Data Science Weekly Newsletter - Issue 432

Issue #399

July 15 2021

Editor Picks
  • Charting the ‘Data for Good’ Landscape
    The field of “data for good” is not only overshadowed by the public conversations about the risks rampant data misuse can pose to civil society, it is also a fractured and disconnected space...We are taking one tiny step forward in trying to make a more coherent Data for Good space with a landscape that makes clear what various Data for Good initiatives (and AI for Good initiatives) are trying to achieve, how they do it, and what makes them similar or different from one another...Below you will find a very preliminary landscape map, along with a description of the different kinds of groups in the Data for Good ecosystem and why you might need to engage with them...
  • Postmortem: A Year of Data Science Peer Review in Startups
    About a year ago I suggested two peer review processes for data science projects, outlined a structure for the process — including separate review of the research phase and the model design and implementation — and positioned it within the wider scope of a data science project flow (as it is practiced in startup companies).

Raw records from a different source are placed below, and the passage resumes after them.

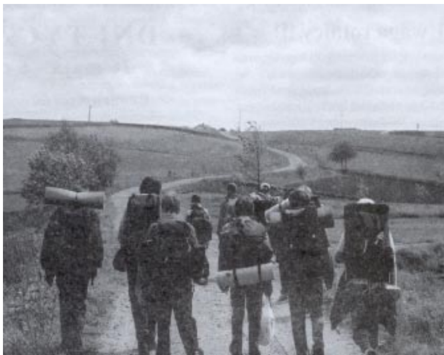
Grupa młodzieży wędrująca przez Łany Bielskie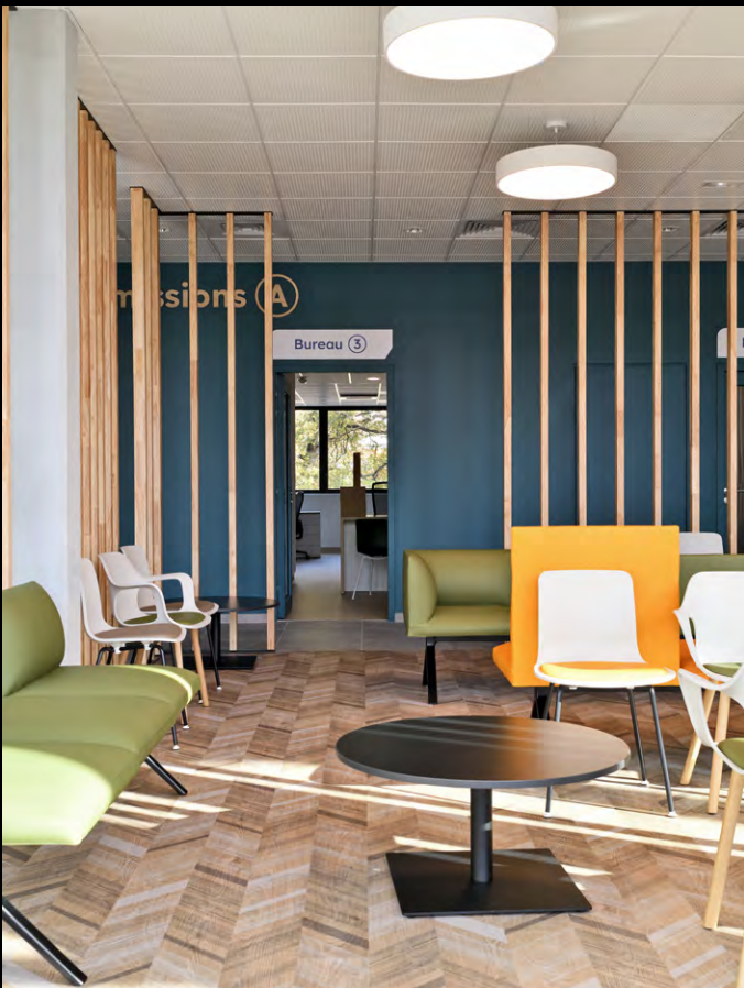
Centre Jean Bernard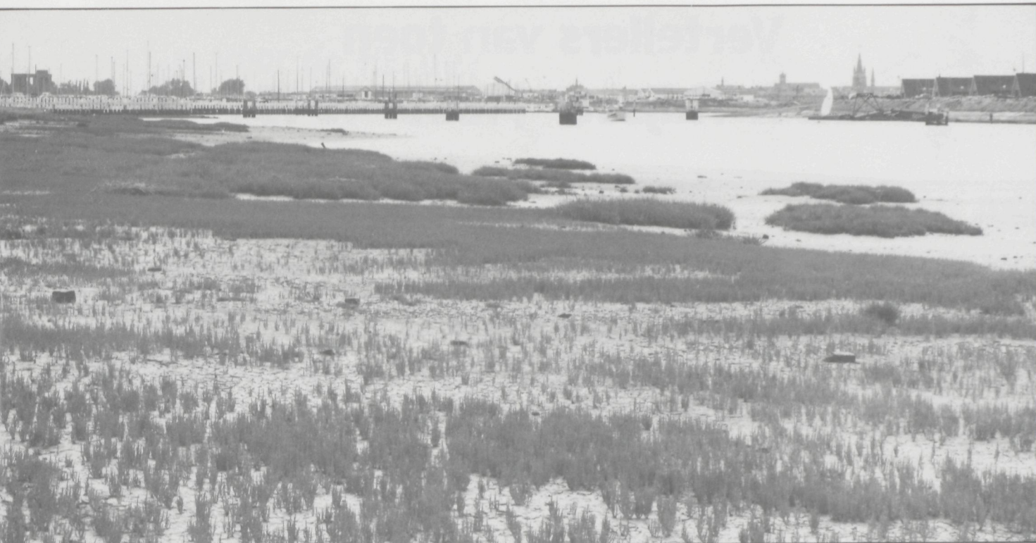
De IJzermunding te Nieuwpoort, 40 ha sinds 1961 door B.N.V.R. beheerd als natuureservaat

kan uiteraard voor veel onderwerpen belangstelling hebben doch natuur en antiek zijn twee dingen waar eigenlijk een soort detectiewerk mee gemoeid is wil men bepaalde problemen achterhalen. Ik denk dus wel dat daar enig verband in ligt in mijn persoonlijke interesse voor die twee dingen.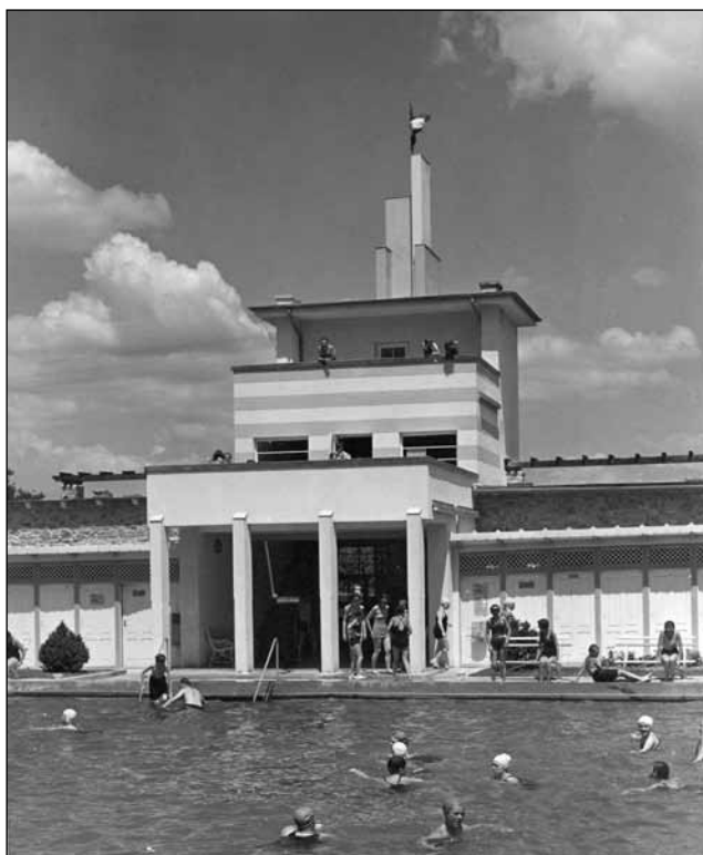
8. kép. A Löver uszoda (1934) bejárati épülete a medence felől.

szellemmel, a munkával, az odaadással pótolja. ” írta a lap kritikusa. 44 Az épület sajnos az 1944. december 18-i amerikai bombatámadás következtében elpusztult. 45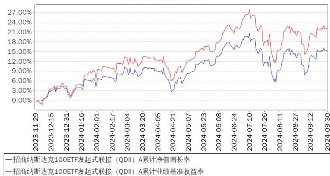
招商纳斯达克100ETF发起式联接 (QDII) A累计净值增长率与同期业绩比较基准收益率的历史走势对比图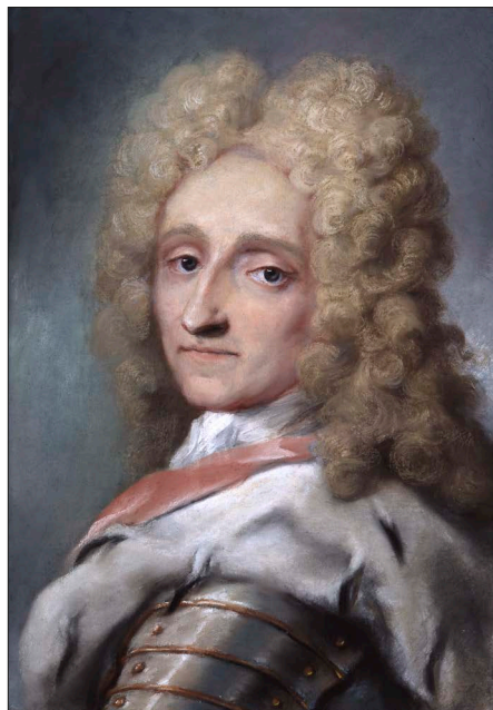
Frederik 4. (1671-1730) blev konge som 18-årig i 1699. Pastel fra 1709 af Rosalba Giovanna Carriera. Det Nationalhistoriske Museum på Frederiksborg Slot.

Moderne historievidenskab er langt hen ad vejen enig med Holberg i hans vurdering af den enevældige dansk-norske stat som en velorganiseret “magtstat” (militærstat) med en politisk ledelse, der fokuserede snævert på militær råstyrke og de til dette formål nødvendige organisatoriske og fiskale midler. Særlig har historikerne delt Holbergs vurdering af Frederik 4., som han i dedikationen af Dannemarks

The framework also included a list of topics, pitfalls and questions that should be reviewed...Unsurprisingly, things did not go exactly as planned. Thus, this post is about what worked and what didn’t...
  • Amazon's Data Dragnet
    Amazon’s vast offerings—which include online as well as brick-and-mortar stores, an internet pharmacy, streaming services, smart speakers, security cameras, mobile apps, and a digital advertising network—have helped the company expand into nearly every aspect of people’s lives...the Tech Transparency Project (TTP) conducted a review of the company’s privacy policies, patent applications, and other open-source information to assess the full scope of its surveillance capabilities. The findings show that Amazon is collecting far more data about its users than many people realize...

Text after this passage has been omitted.